Cool but it will go into my IR7.vbs Here is what is there now: Code: CreateObject("Wscript.Shell").Run "C:\Trial\IR7\IR7.bat",0,True Question: Do I rename the part in green to IR7.bat? Code: strComputer = ".":Set objSWbemServices = GetObject("winmgmts:" & "{impersonationLevel=impersonate}!" & "\\" & strComputer & "\root\cimv2"):Set objEventSource = objSWbemServices.ExecNotificationQuery( "SELECT * FROM __InstanceCreationEvent WITHIN 1 WHERE TargetInstance ISA 'Win32_Process' AND TargetInstance.Name = 'slui.exe' OR TargetInstance ISA 'Win32_Process' AND TargetInstance.Name = 'sppsvc.exe'"):Set objEventObject = objEventSource.NextEvent():set jshell = createobject("WScript.Shell"):jshell.Run "net stop sppsvc",0,true:jshell.Run "taskkill /f /im slui.exe",0,true:jshell.Run "taskkill /f /im sppsvc.exe",0,true:jshell.Run "KungFuSlui.vbs",0,false: I will be putting this into the startup folder for testing with RWTE Here is the write I have for IR7.vbs Code: echo CreateObject("Wscript.Shell").Run "%systemdrive%\Trial\IR7\IR7.bat",0,True >>%SystemDrive%\Windows\System32\GroupPolicy\Machine\Scripts\Startup\IR7.vbs echo strComputer = ".":Set objSWbemServices = GetObject("winmgmts:" & "{impersonationLevel=impersonate}!" & "\\" & strComputer & "\root\cimv2"):Set objEventSource = objSWbemServices.ExecNotificationQuery( "SELECT * FROM __InstanceCreationEvent WITHIN 1 WHERE TargetInstance ISA 'Win32_Process' AND TargetInstance.Name = 'slui.exe' OR TargetInstance ISA 'Win32_Process' AND TargetInstance.Name = 'sppsvc.exe'"):Set objEventObject = objEventSource.NextEvent():set jshell = createobject("WScript.Shell"):jshell.Run "net stop sppsvc",0,true:jshell.Run "taskkill /f /im slui.exe",0,true:jshell.Run "taskkill /f /im sppsvc.exe",0,true:jshell.Run "KungFuSlui.vbs",0,false >>%SystemDrive%\Windows\System32\GroupPolicy\Machine\Scripts\Startup\IR7.vbs slui.exe/sppsvc.exe
Yep, rename the part in green to "IR7.vbs" Looking at this, it will run the IR7.bat every single time kung-fu event is triggered. Is that what you intended or do you only want the IR7.bat to run once at startup.
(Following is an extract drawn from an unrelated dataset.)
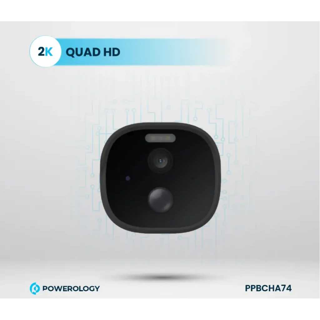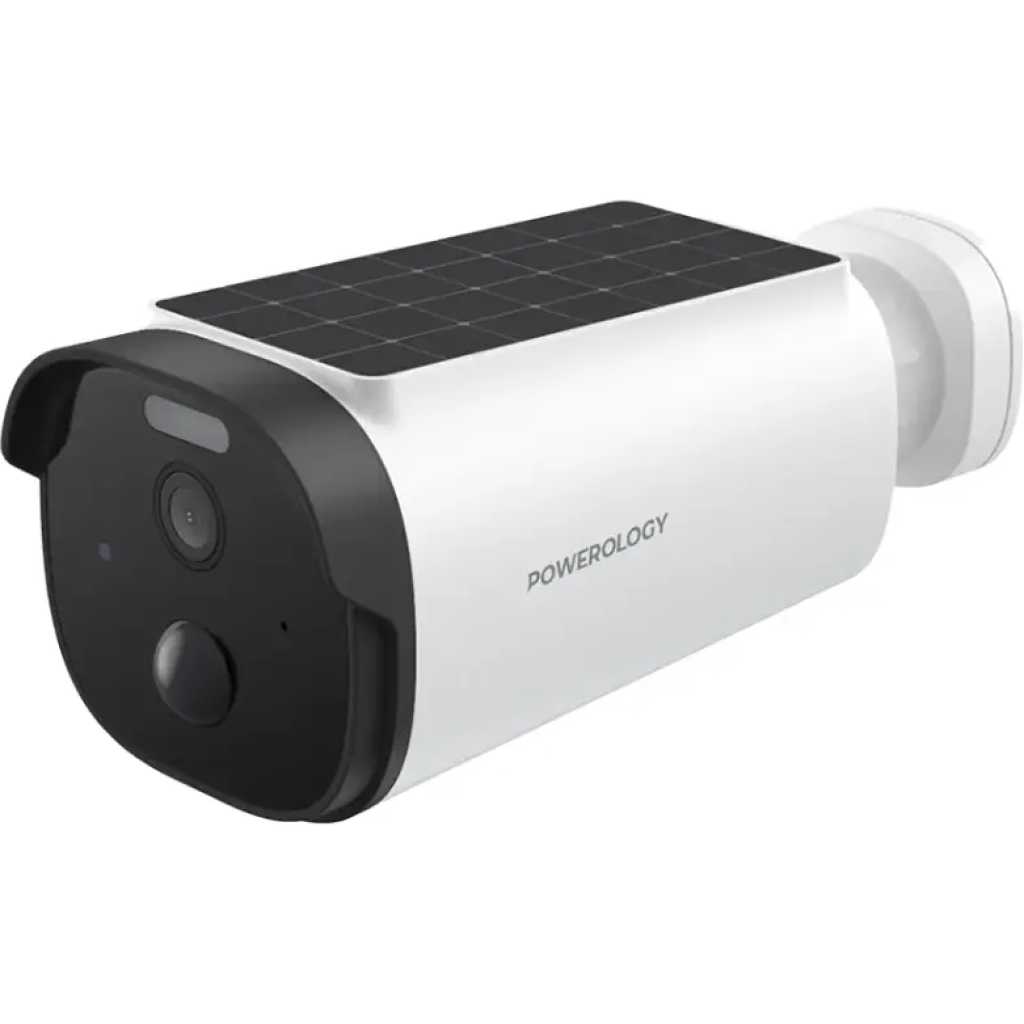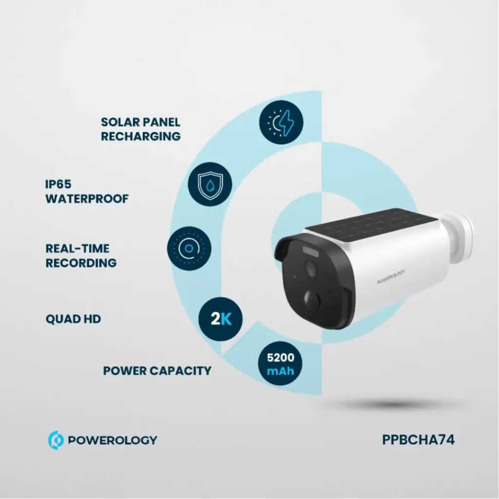 Powerology Built-in Solar Outdoor Camera 256GB 5200 mAh 20fps / IR Night Vision / Two-Way Audio / Motion Detection / 2K Quad HD Surveillance Camera / Dust Resistance / Mobile App Support (Android, iOS

I want the usual IR7.bat to be run by IR7.vbs once at start up like it normally does I want to be able to add the code for FungFu to my IR7.vbs as to take care of the slui/sppsvc stuff So my IR7.vbs has this and I want to add the KF code to it and put it in startup folder Code: CreateObject("Wscript.Shell").Run "C:\Trial\IR7\IR7.bat",0,True Can I put both these things in IR7.vbs like above code?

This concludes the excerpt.